> Work order:
Given the entries that follow, write out exactly the lines starting at the one containing "(1) 中正国小303班王老" and ending at the one containing "Stone benchtops and", both ends included, and only those.

> Information provided:
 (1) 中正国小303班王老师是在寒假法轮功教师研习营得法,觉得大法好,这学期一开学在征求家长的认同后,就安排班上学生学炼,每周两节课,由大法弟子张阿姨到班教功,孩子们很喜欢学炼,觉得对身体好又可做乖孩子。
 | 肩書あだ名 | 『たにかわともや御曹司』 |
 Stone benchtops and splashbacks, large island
--
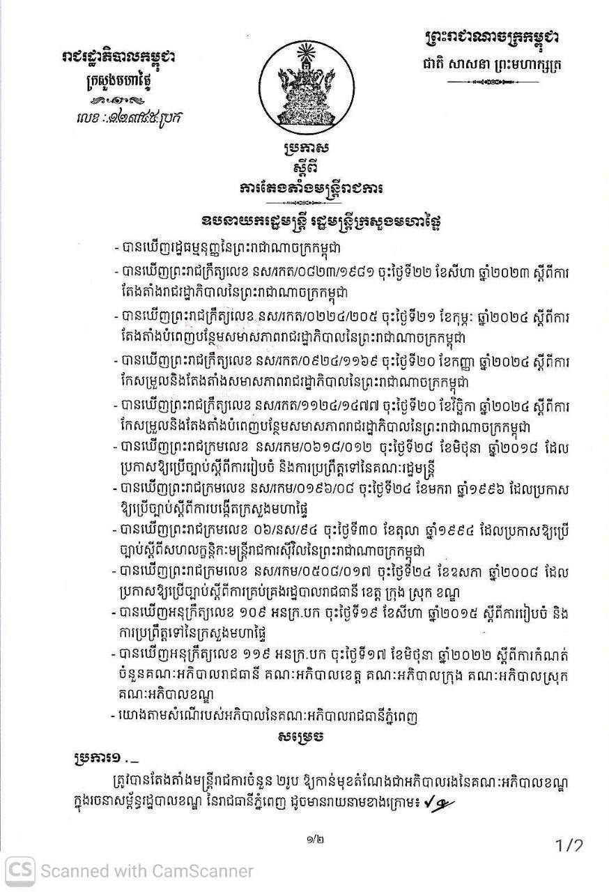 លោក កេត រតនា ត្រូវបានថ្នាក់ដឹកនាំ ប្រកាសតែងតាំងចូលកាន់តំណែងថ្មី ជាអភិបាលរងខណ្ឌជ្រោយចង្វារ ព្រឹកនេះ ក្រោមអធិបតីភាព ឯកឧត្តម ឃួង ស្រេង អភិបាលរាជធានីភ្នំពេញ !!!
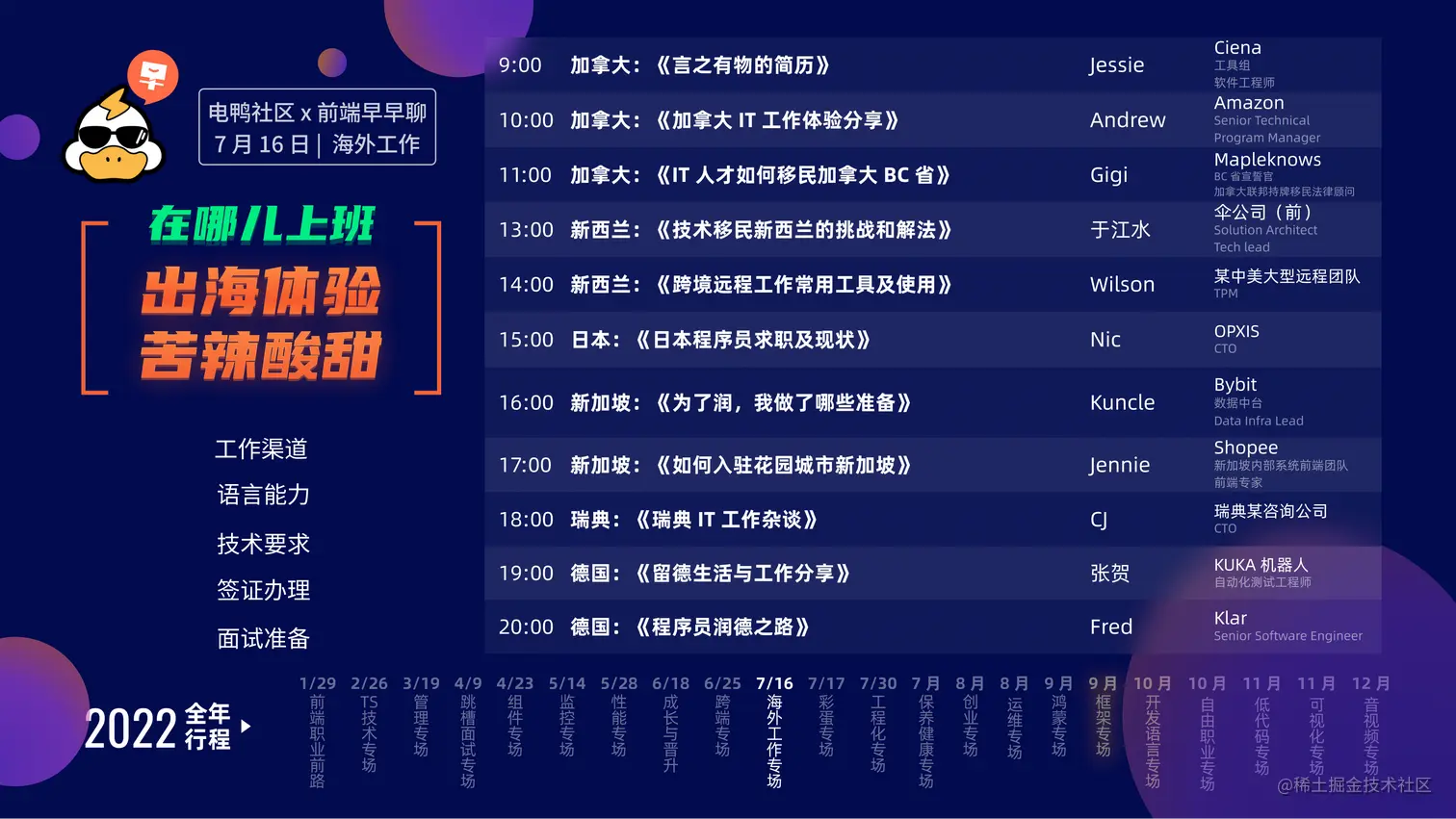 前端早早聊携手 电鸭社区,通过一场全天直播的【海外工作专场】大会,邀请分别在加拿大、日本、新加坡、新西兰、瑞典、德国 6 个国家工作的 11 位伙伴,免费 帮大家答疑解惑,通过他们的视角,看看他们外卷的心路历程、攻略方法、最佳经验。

> The completed task:
 (1) 中正国小303班王老师是在寒假法轮功教师研习营得法,觉得大法好,这学期一开学在征求家长的认同后,就安排班上学生学炼,每周两节课,由大法弟子张阿姨到班教功,孩子们很喜欢学炼,觉得对身体好又可做乖孩子。
 | 肩書あだ名 | 『たにかわともや御曹司』 |
 Stone benchtops and splashbacks, large island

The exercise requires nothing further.